LiveScore Group CEO: Increased regulation could force us to exit the Dutch market
Sam Sadi insists a GGR tax hike to 37.8% and potential gambling ad ban make it “almost impossible” for single-digit market share operators to be profitable

LiveScore Group’s CEO has admitted that LiveScore Bet could be withdrawn from the Netherlands as the company grapples with potential harsher regulations coming down the road.
Sam Sadi said his company could be “forced to consider an exit” from the Dutch market if online slots and gambling ad bans come to fruition, as well as a steep increase in betting and gaming taxes.
The country’s right-wing coalition government plans to take the tax on gross gambling revenue (GGR) from 30.5% to 37.8% from 1 January 2025, a move that has been slammed by the industry’s trade body, the Dutch Online Gambling Association (NOGA).
The coalition parties forecast the 7.3 percentage point increase to generate an additional €202m (£170m) from both the land-based and online gambling industry.
Yet Sadi told EGR on the sidelines of iGB Live in Amsterdam: “We are struggling with the change in regulations, and new potential taxes and advertising bans coming in [but] we are waiting to see a little bit more clarity in the market so that we can plan our investments accordingly.
“If they do implement a new tax rate, it is going to be almost impossible for a single-digit market share operator to be sustainable and profitable.
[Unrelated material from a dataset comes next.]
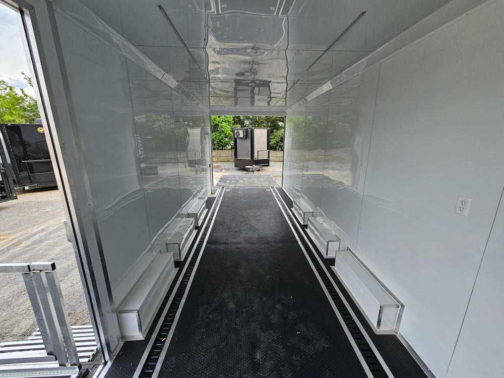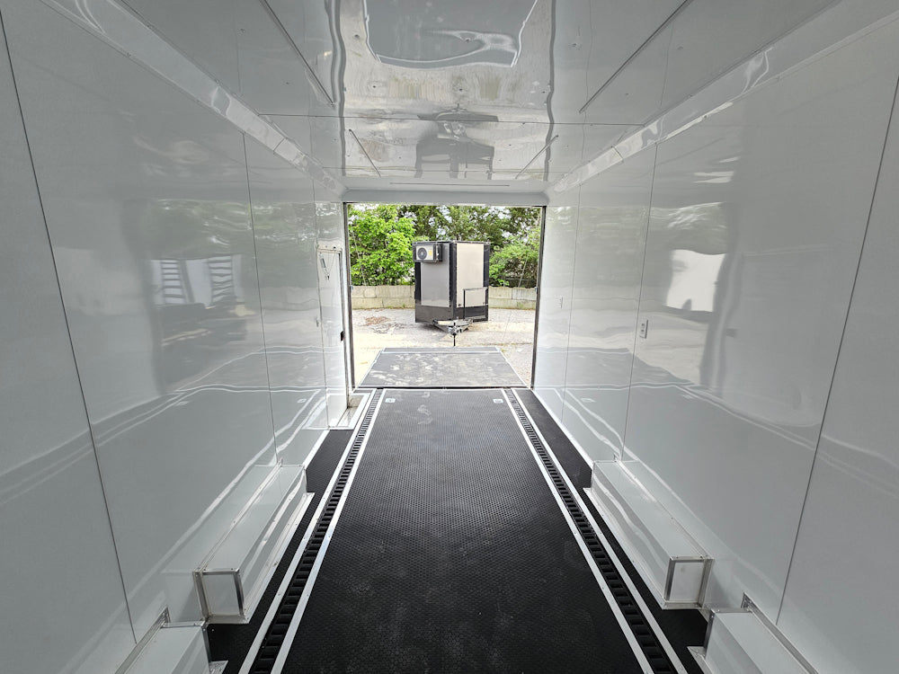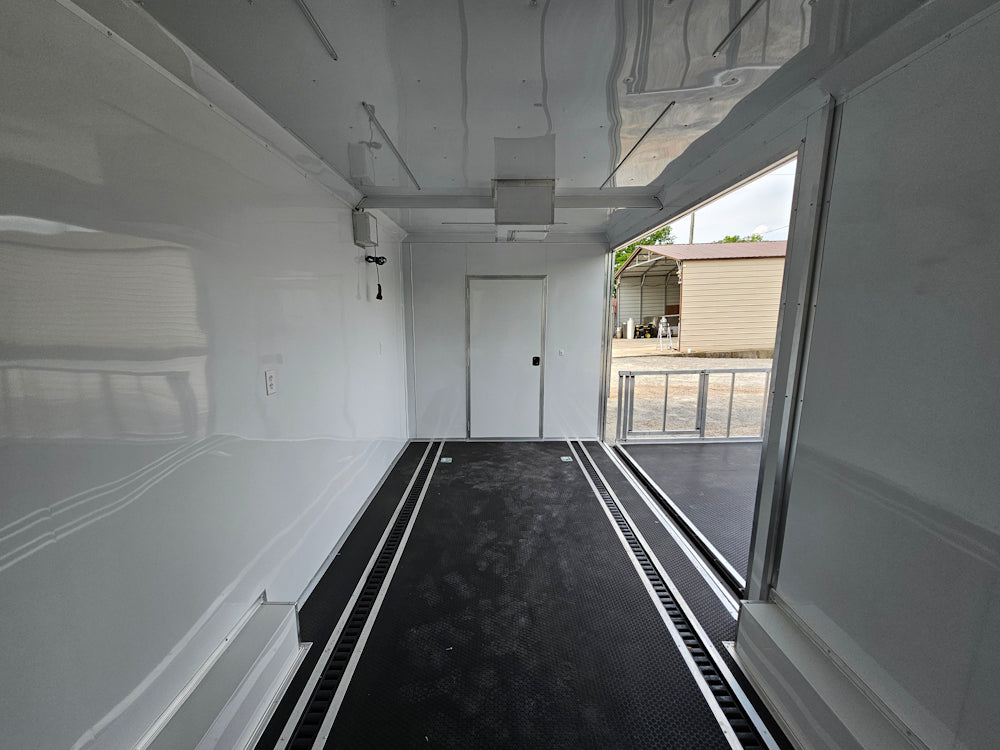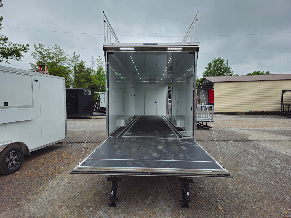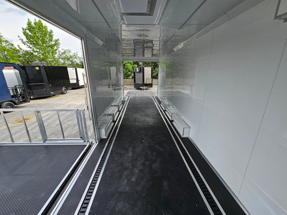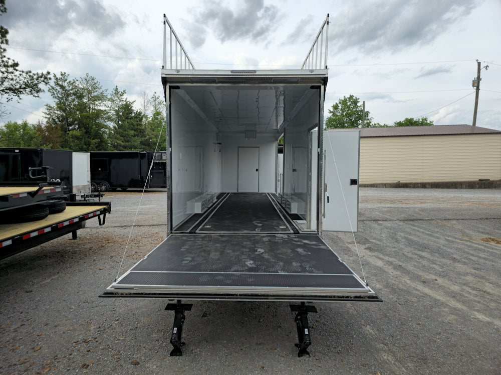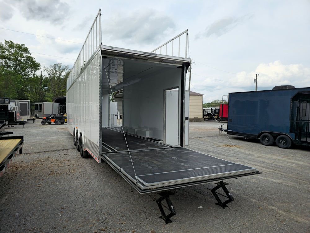 The 8.5' x 44' Gooseneck Custom Event Stage Trailer is a mobile powerhouse built for high-impact events, live performances, and brand activations. Featuring a 12' fold-out stage with railings, walk-on roof, triple 7,000 lb. axles, and a 100 Amp electric system, it's engineered for performance and presence. With sleek white aluminum finishes, full insulation, and versatile access points, this trailer delivers a professional edge on the road or on-site.

And it will certainly eliminate any new market entrants unless they deploy an enormous amount of capital.
“This is a detriment to the customer; it eliminates choice and eliminates any innovative startups coming into the market. It also consolidates the top of the market to one or two operators.”
Pressed on whether LiveScore Bet could be pulled from the market, Sadi responded: “It would be our job to re-evaluate. We look at the long term. We are not trying to be profitable immediately but there needs to be a model that tells us we are going to be profitable at some point.
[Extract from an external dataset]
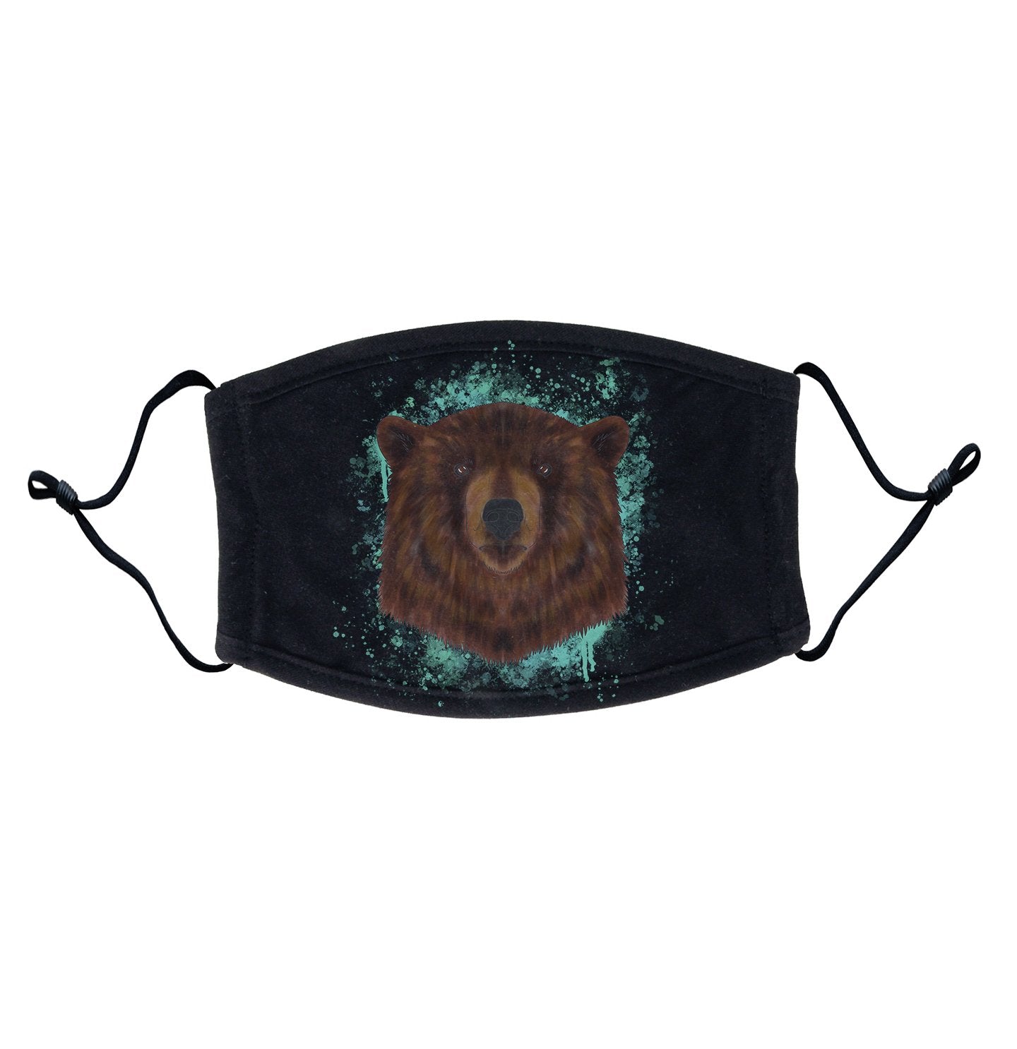 Brown Bear Blue Illustration - Adult Adjustable Face Mask

“If that point means we need to go from the single-digit market share that we have today to 15% market share and would require hundreds of millions in capital – and that deployment is becoming difficult because of the advertising ban – then it’s a battle that we can’t win.
“So, therefore, we will be forced to consider and exit, unfortunately.”
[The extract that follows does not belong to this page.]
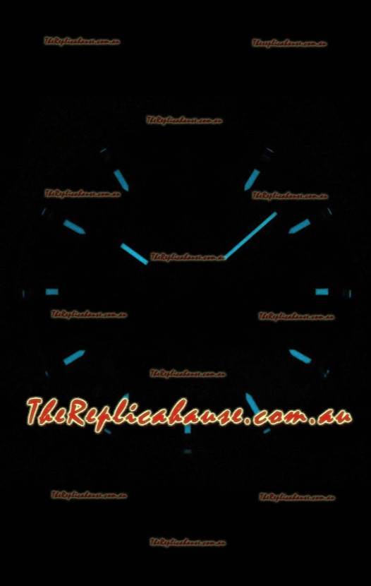 Genuine Anti Reflective Scratch Proof Sapphire Crystal with Semi-Invisible crown etched at 6:00 position.

He added that 37.8% would be “close to not possible” to operate a digital betting and gaming business in the Netherlands, unless you occupy a podium position.
“It depends on the scale you have; obviously if you command 30% to 40% market share then you are able to absorb a lot more of these incremental costs.
“Legislators and regulators usually focus on channelisation and whether these increases will lead the market towards offshore operators, but an unintended consequence is that it consolidates the market because there are fewer operators able to absorb these costs.”
LiveScore Bet was among the first wave of 10 operators to launch in the Netherlands when the regulated online market went live in October 2021.
However, licensed firms have faced regulatory headwinds since including a ban on untargeted online gambling marketing, which came into effect on 1 July 2023 and prohibited all TV and print ads.
A year later, operators were barred from using celebrities and influencers in their marketing, while in April of this year MPs voted to ban all untargeted advertising and high-risk games of chance, in other words online slots.
Speaking to EGR just prior to him stepping down as director of NOGA on 1 July, Peter-Paul de Goeij blasted the planned tax hike to 37.8% as “completely unhinged” and “detached from reality”.
“Add another 7.3 percentage points to tax and I’m convinced it will be disastrous for the legal market and consumer protection,” he said.
Earlier this month, the Dutch government announced that Teun Struycken would replace Franc Weerwind as the new gambling minister.